LOGIT

All things will begin with the sigmoid function. Or rather a sigmoid function, as it is a generic term. But it is a function that is bounded between 0 and 1 and is therefore really useful to model binary probability, because an event either happens or doesn’t: you live or die, win or lose, get drafted or not, etc. The function of choice is \sigma(a)=\frac{1}{1+e^{-a}} which, when graphed, looks like the following :

Any point on that line will either really close to a 1 or a 0, and if it happens to fall in that small area in the middle you can consider anything above .5 a 1 and below a 0.5 will be considered a 0.

The idea now is to send our data through this function, and if the end result we get is above 0.5 then we are near the top of the function and consider that to be a 1 (live, win, drafted etc.) and if the result of below 0.5 it is a 0 (dead, lost, not drafted, etc.). 

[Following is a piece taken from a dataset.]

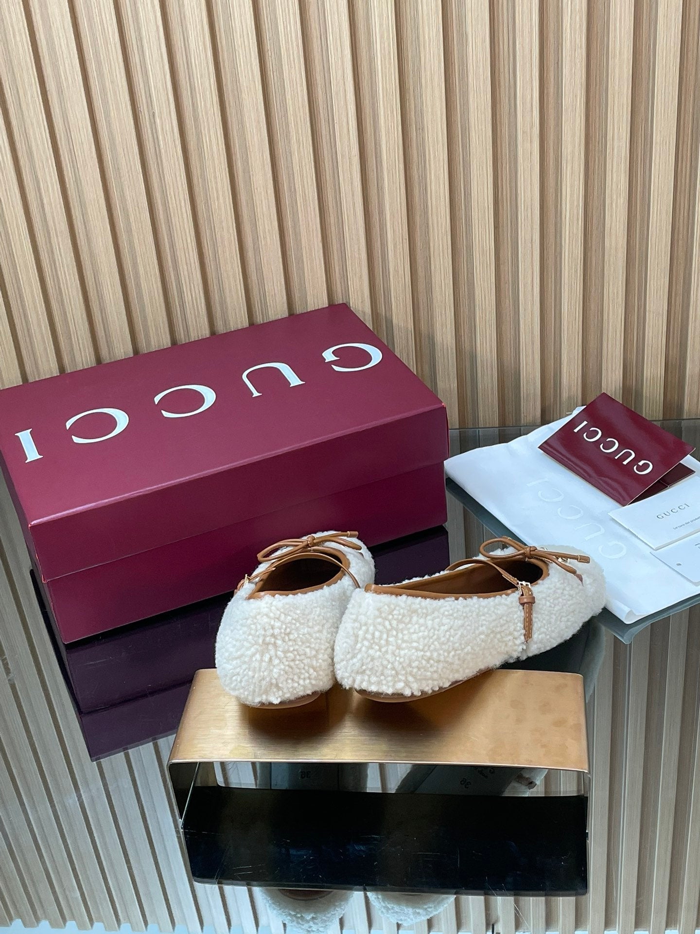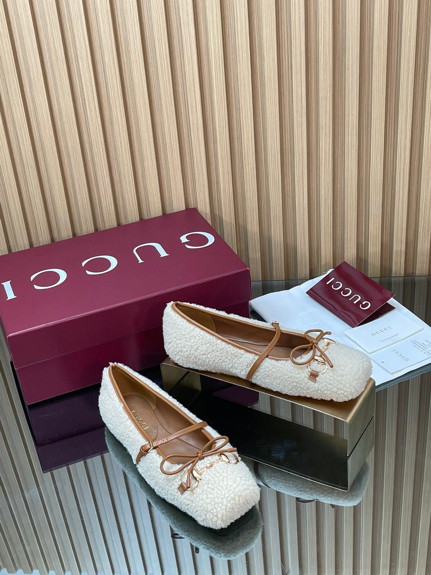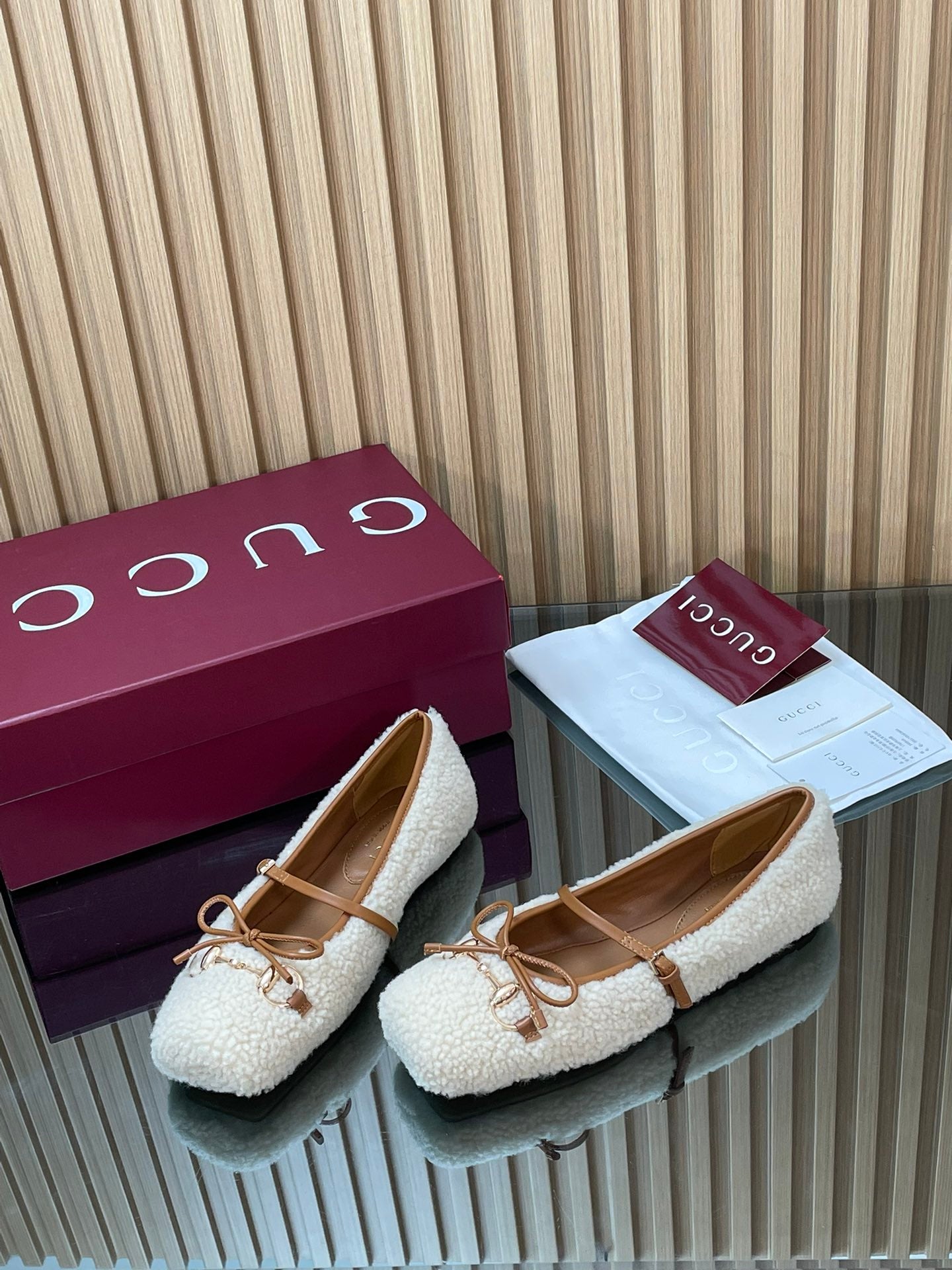 Gucci 26 Ballet Full Caramel Calfskin Wool 562992

As with linear regression the data will be composed of matrices. The X matrix will hold all of the independent variables, the familiar beta matrix will hold the coefficients or parameters, and the y matrix will be a single column matrix, or vector as they are called, of the 1’s and 0’s. In just about every example and derivation online people use different symbols for the independent variables and parameters but I will use the same ones as linear regression to make things more copacetic and perhaps easier to follow: 

    \[ \[\begin{bmatrix} y_{1} \\  y_{2}  \\ \vdots \\ y_n  \end{bmatrix} = \begin{bmatrix} x_{11} & x_{12} & \cdots & x_{1j} \\  x_{21} & x_{22} & \cdots & x_{2j} \\ \vdots & \vdots & \ddots & \vdots \\  x_{n1} & x_{n2} & \cdots & x_{nj} \end{bmatrix} \times \[\begin{bmatrix} \beta_{1} \\  \beta_{2}  \\ \vdots \\ \beta_j  \end{bmatrix} \]

We can step gingerly through the derivation, sometimes the steps are glossed over too quickly and people may get lost on a step or two, seeing as how we have virtually infinite space on a webpage now, we can time our time.

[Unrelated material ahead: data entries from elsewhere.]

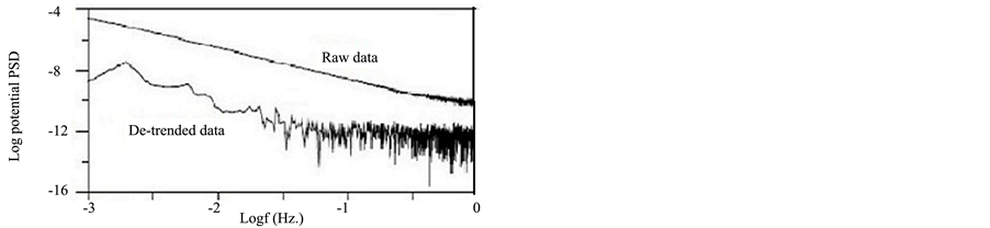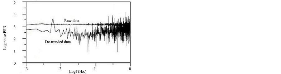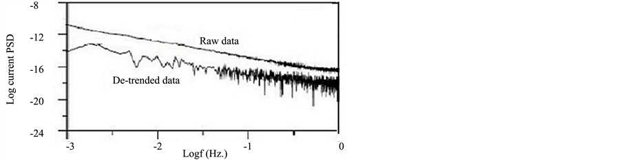 where VFFT and IFFT are the Fast Fourier Transformer functions of the potential and current noise, respectively, and VPSD and IPSD are the corresponding power spectral density (PSD) plots. SV and SI are the slopes of the PSD plots of potential and current noise, respectively. The spectral noise resistance (Zsn) could be defined as the DC limit of Zsn (f) plots, in the same way like Zp, which is defined as the limit of impedance when the frequency tends to zero [20] . Figure 8(a) and Figure 8(b) show the VPSD plots and IPSD plots obtained after FFT of potential and current fluctuations, respectively for MS exposed to NaCl before and after removing the DC trend. It is clear that the presence of trend greatly affect the amplitude and the shape of PSD plots. In this case, higher amplitude in both current and potential PSD plots was observed for the raw data than for the de-trended data. Consequently, Zsn plot for raw data will be higher in amplitude than the de-trended one (Figure 8(c)). In
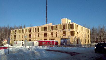 Immeuble à condos à Chibougamau (4 étages, 24 unités). La structure en bois lamellé-croisé vient de Chantiers Chibougamau. Photo Ch. Chibougamau.
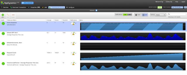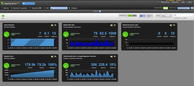 2. Die Möglichkeit eigene Alerts inkl. e-Mail Benachrichtigung einzurichten. Hier gebe ich lediglich an, welche Metrik ich überwachen will, also z.B. die Antwortzeit meiner Kunden-Such Transaktionen, welches der kritische Schwellwert ist (absolut oder prozentual zur Durchschnittsantwortzeit) und optional wer die e-Mail bekommen soll. Das Ergebnis ist eine kleine Kachel auf dem Alerting Dashboard, welches mir den Zustand (rot, gelb, grün) und die Werte anzeigt. Wahlweise kann ich mir die Alerts auch als Liste anzeigen lassen.

We will take the log of this, the likelihood expression, and it is easier to work with the negative log, for a lot of reasons that I may or may not elaborate on later, this post is going to be a little long as it is. Anyway, taking the total probability means multiplying the likelihoods together like so:

    \[\prod_{i=1}^{n} \alpha_i^{y_i} (1-\alpha_i)^{1-y_i}\]

What is pretty cool about the above structure is that the first expression is raised to the power y while being multiplied by another expression raised to the power 1-y. Recall that y is exclusively either 1 or 0, so when y is 0 then the first expression is raised to the 0th power, anything to the 0th power simply becomes 1, so that means the first expression is 1 and all that remains is the 1-\alpha. If y is 1 then the first expression remains unchanged and the second one, to the power 1-1, is now raised to the power 0. Thereby leaving only the first expression. Neat! Anyway, we want to take the negative log of that, resulting in a loss function, then we shall minimize the cost function, which maximizes the likelihood function.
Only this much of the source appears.